Research process must be changed in order to minimize fraud and deception, says Vineet Chopra, M.D., F.A.C.P., F.H.M., assistant professor of Internal Medicine at U-M. In 1998 a study linking MMR vaccine and autism in children grabbled headlines worldwide. But the vaccine-autism research was a fraud. The paper was retracted 12 years later, denounced as an elaborate deception. The fraud in that MMR study epitomizes how fabricated research can lead to a domino effect of tragic consequences,says Chopra.
Chopra expresses these concerns in a commentary published in the Journal of the American Medical Association March 23 with Matthew Davis, M.D., M.A.P.P., associate professor of pediatrics and communicable diseases, internal medicine and public policy at the University of Michigan Medical School and Gerald R. Ford School of Public Policy.
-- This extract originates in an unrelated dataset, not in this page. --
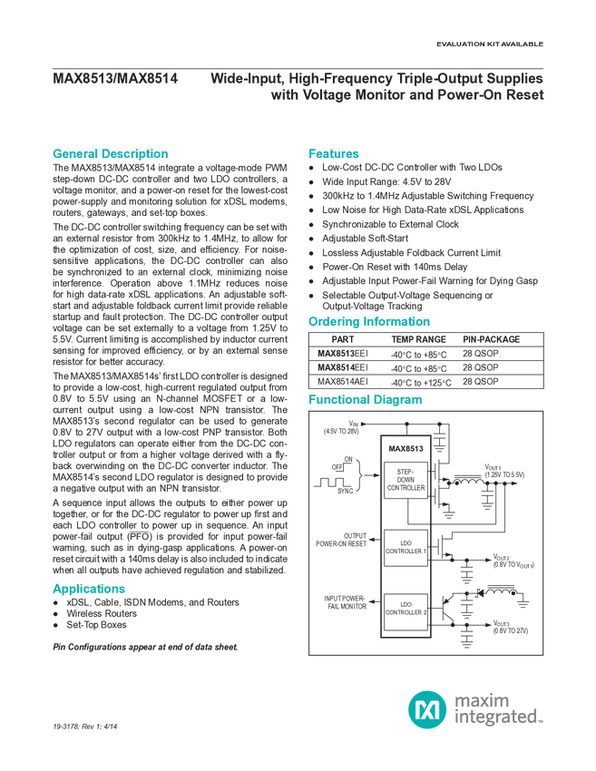 MAX8513, MAX8514 Wide-Input, High-Frequency, Triple-Output Supplies with Voltage Monitor and Power-On Reset

They call for changes throughout the research process to adjust expectations for researchers that conduct studies, the journals that publish results and the public that responds to the findings.
Chopra and Davis emphasize the critical importance of equipoise - a state of genuine uncertainty on the part of the researcher as to what a study will reveal. In an era of increasing competition for funding and publication, researchers face mounting pressure to report the results they wish to see, says Davis. Of course, it's natural for the public to want unequivocal advances in understanding and the latest accomplishments in medical research. But research doesn't always yield those results. The key is for funders, journals, the media and the public to value equipoise in the research process, rather than only the results.